## Exercise prompt
In the listing that follows, the range to quote begins at the line that has "Te entregamos de" and ends after the line that has "Made for McDonald's, 2003, three"; quote it verbatim and add nothing.

## Source records

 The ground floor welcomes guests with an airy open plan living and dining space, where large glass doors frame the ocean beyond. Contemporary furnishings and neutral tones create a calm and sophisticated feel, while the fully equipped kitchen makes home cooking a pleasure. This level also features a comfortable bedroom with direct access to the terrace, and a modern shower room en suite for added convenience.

==

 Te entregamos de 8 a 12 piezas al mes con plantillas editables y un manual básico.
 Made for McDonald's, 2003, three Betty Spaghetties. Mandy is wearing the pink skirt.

## Response
 Te entregamos de 8 a 12 piezas al mes con plantillas editables y un manual básico.
 Made for McDonald's, 2003, three Betty Spaghetties. Mandy is wearing the pink skirt.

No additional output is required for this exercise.